#### WHAT IS EXPECTED
The data is to be repeated exactly, with the images removed.

· · ·

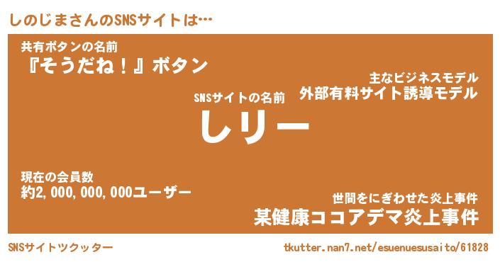 | 肩書あだ名 | 『しのじま社長』『しのじま大統領』 |
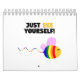 Una colorida abeja de orgullo gay con el texto "Just bee you".
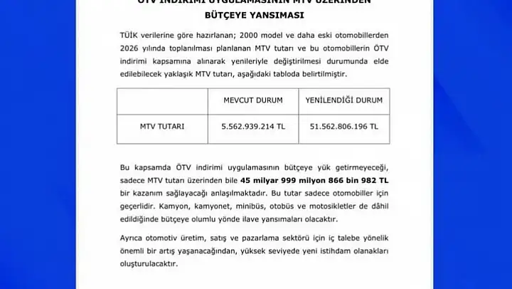 Özdemir, sosyal medya hesabından yaptığı paylaşımda, 'TBMM'ye sunduğumuz ve 2000 yılı öncesinde trafiğe kayıtlı araçların yerli üretim araçlarla yenilenmesini öngören kanun teklifimizle trafik güvenliğinin pekiştirilmesi, çevreci araçların teşvik edilerek kullanımının yaygınlaştırılması, ekonomik gelişmelere pozitif yönde katkı sağlanması hedeflerimizi ortaya koymuştuk. Teklifle ilgili bazı kamu kuruluşlarının olumlu yönde görüşe sahip olduğunu bilmekle beraber, ÖTV hususunda kayba neden olacağı endişelerinin ise yersiz bir yaklaşım olacağını ifade etmek gerekir. Zira ÖTV teşvikinin sağlanması ile oluşacak herhangi bir kayıp bulunmamaktadır. Aksine, kanunun gerçekleşmesi halinde ise bilhassa MTV gelirlerindeki yüksek artış sebebiyle bütçemize de olumlu yönde katkısı olacaktır. Bu yönüyle 2026 yılı içerisinde teklif ettiğimiz kanunun yasalaşması halinde merkezi bütçemize 45 milyar liradan fazla ilave bir kaynak sağlanmış olacaktır. Üstelik iç pazar hareketlenmesi ile otomotiv sektörü ve bağlı olan diğer alanlarda ilave istihdam da oluşturabilecektir. Vatandaşlarımızın ihtiyaç ve beklentisi çerçevesinde sunduğumuz kanun teklifimizin kabul edilerek, yürürlülüğe girmesi için gayretle çalışmalarımızı sürdürüyoruz' dedi.
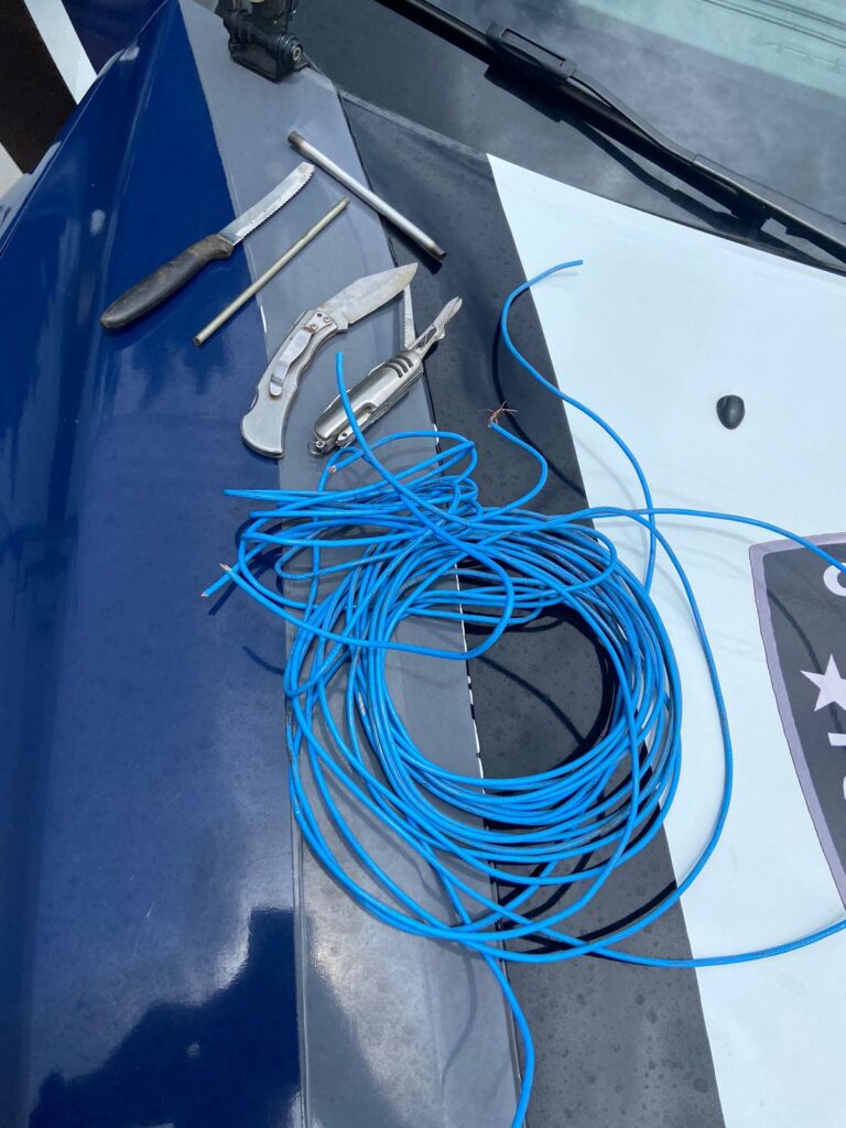 Durante a revista pessoal, os guardas encontraram três facas em posse do suspeito, além de cabos elétricos que podem ter sido subtraídos do sistema de iluminação pública. O material foi apreendido e encaminhado junto com o detido.
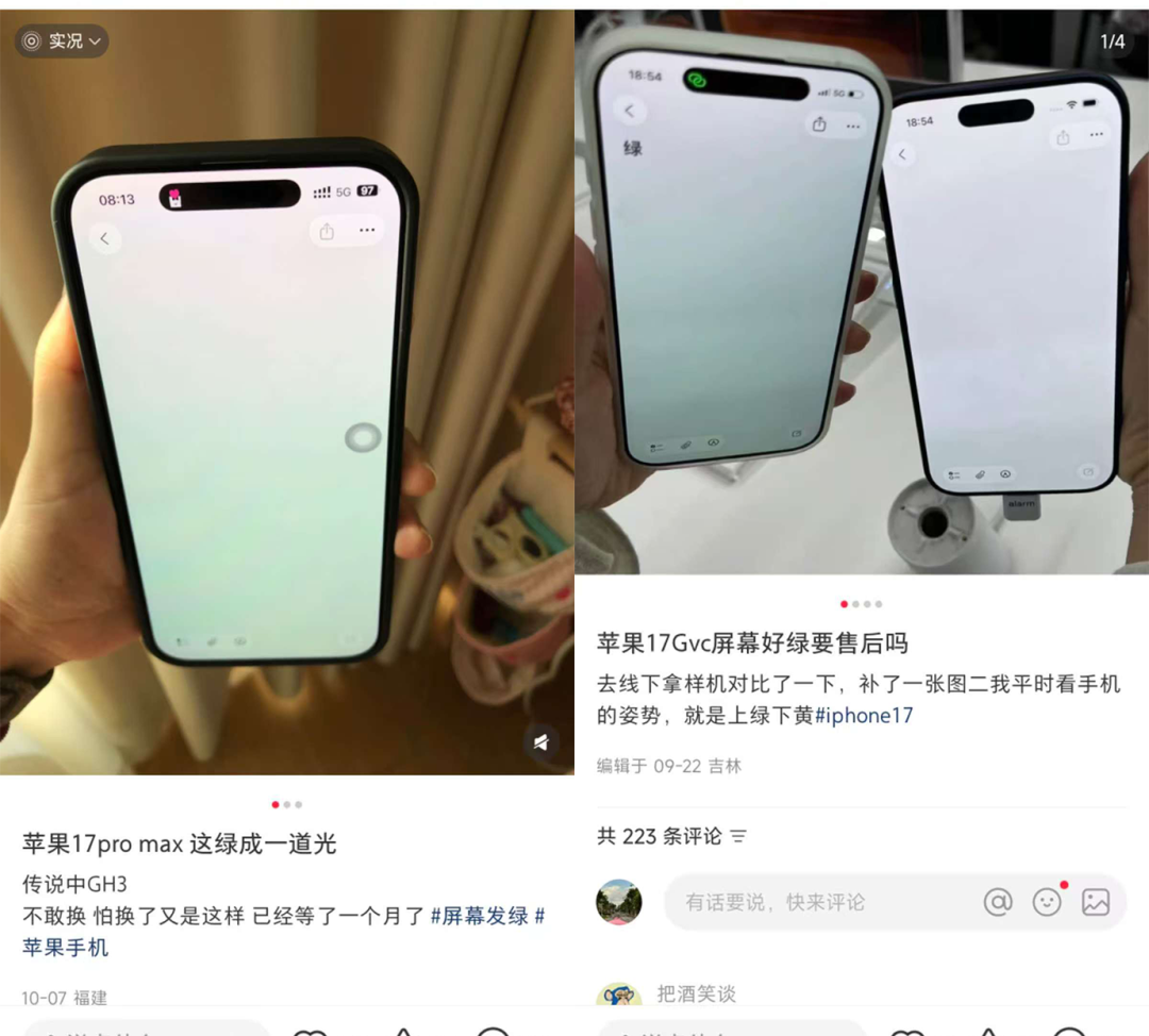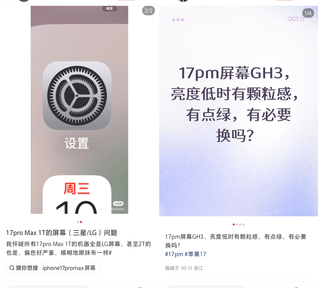 以今年 iPhone 17 Pro Max所用的 LG GVC 面板为例,在同一个批次中,就有用户拿到了观感通透、色彩纯正的“完美屏”,甚至说这才是 iPhone 17 Pro Max 这代的“天花板”,同时也有用户报告了虽然抽到了三星屏,但出现了轻微的黄绿偏色或“抹布感”。
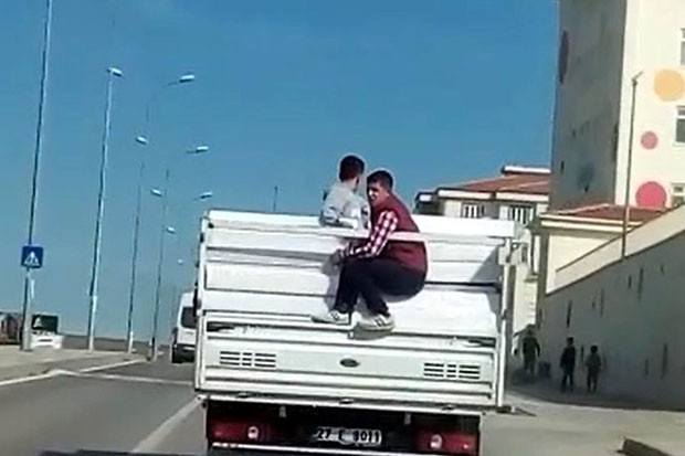 Gaziantep’te bir kamyonetin kasasında 2 genç, hiçbir güvenlik tedbiri almadan yolculuk etti. Gençlerin yolculuğu görenlerin yüreklerini ağızlara getirdi.

· · ·

#### RESPONSE
 | 肩書あだ名 | 『しのじま社長』『しのじま大統領』 |
 Una colorida abeja de orgullo gay con el texto "Just bee you".
 Özdemir, sosyal medya hesabından yaptığı paylaşımda, 'TBMM'ye sunduğumuz ve 2000 yılı öncesinde trafiğe kayıtlı araçların yerli üretim araçlarla yenilenmesini öngören kanun teklifimizle trafik güvenliğinin pekiştirilmesi, çevreci araçların teşvik edilerek kullanımının yaygınlaştırılması, ekonomik gelişmelere pozitif yönde katkı sağlanması hedeflerimizi ortaya koymuştuk. Teklifle ilgili bazı kamu kuruluşlarının olumlu yönde görüşe sahip olduğunu bilmekle beraber, ÖTV hususunda kayba neden olacağı endişelerinin ise yersiz bir yaklaşım olacağını ifade etmek gerekir. Zira ÖTV teşvikinin sağlanması ile oluşacak herhangi bir kayıp bulunmamaktadır. Aksine, kanunun gerçekleşmesi halinde ise bilhassa MTV gelirlerindeki yüksek artış sebebiyle bütçemize de olumlu yönde katkısı olacaktır. Bu yönüyle 2026 yılı içerisinde teklif ettiğimiz kanunun yasalaşması halinde merkezi bütçemize 45 milyar liradan fazla ilave bir kaynak sağlanmış olacaktır. Üstelik iç pazar hareketlenmesi ile otomotiv sektörü ve bağlı olan diğer alanlarda ilave istihdam da oluşturabilecektir. Vatandaşlarımızın ihtiyaç ve beklentisi çerçevesinde sunduğumuz kanun teklifimizin kabul edilerek, yürürlülüğe girmesi için gayretle çalışmalarımızı sürdürüyoruz' dedi.
 Durante a revista pessoal, os guardas encontraram três facas em posse do suspeito, além de cabos elétricos que podem ter sido subtraídos do sistema de iluminação pública. O material foi apreendido e encaminhado junto com o detido.
 以今年 iPhone 17 Pro Max所用的 LG GVC 面板为例,在同一个批次中,就有用户拿到了观感通透、色彩纯正的“完美屏”,甚至说这才是 iPhone 17 Pro Max 这代的“天花板”,同时也有用户报告了虽然抽到了三星屏,但出现了轻微的黄绿偏色或“抹布感”。
 Gaziantep’te bir kamyonetin kasasında 2 genç, hiçbir güvenlik tedbiri almadan yolculuk etti. Gençlerin yolculuğu görenlerin yüreklerini ağızlara getirdi.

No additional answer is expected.